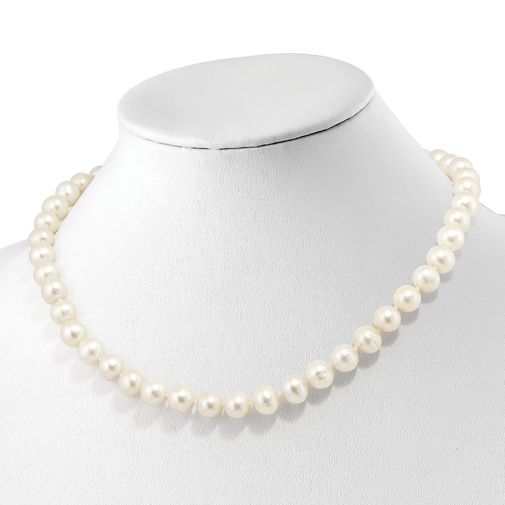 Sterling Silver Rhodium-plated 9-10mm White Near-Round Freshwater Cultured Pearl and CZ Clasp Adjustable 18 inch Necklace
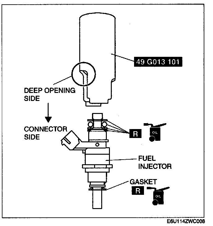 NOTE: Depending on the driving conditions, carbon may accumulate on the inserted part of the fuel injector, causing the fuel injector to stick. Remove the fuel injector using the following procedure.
· · · ·
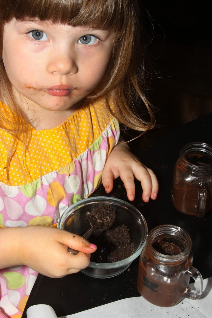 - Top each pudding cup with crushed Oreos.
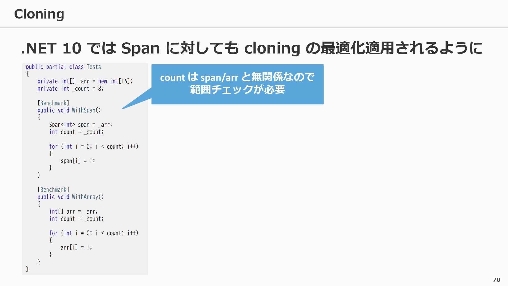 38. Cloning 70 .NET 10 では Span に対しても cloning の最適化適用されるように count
· · · ·
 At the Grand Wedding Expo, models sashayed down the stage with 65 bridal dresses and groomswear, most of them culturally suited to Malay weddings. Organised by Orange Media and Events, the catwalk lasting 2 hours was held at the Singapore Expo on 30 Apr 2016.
· · · ·
- WHAT IS NEEDED:
Taking the entries above, copy word for word the lines from the one with "Sterling Silver Rhodium-plated" up to and including the one with "NOTE: Depending on", without any picture.

- RESULT:
 Sterling Silver Rhodium-plated 9-10mm White Near-Round Freshwater Cultured Pearl and CZ Clasp Adjustable 18 inch Necklace
 NOTE: Depending on the driving conditions, carbon may accumulate on the inserted part of the fuel injector, causing the fuel injector to stick. Remove the fuel injector using the following procedure.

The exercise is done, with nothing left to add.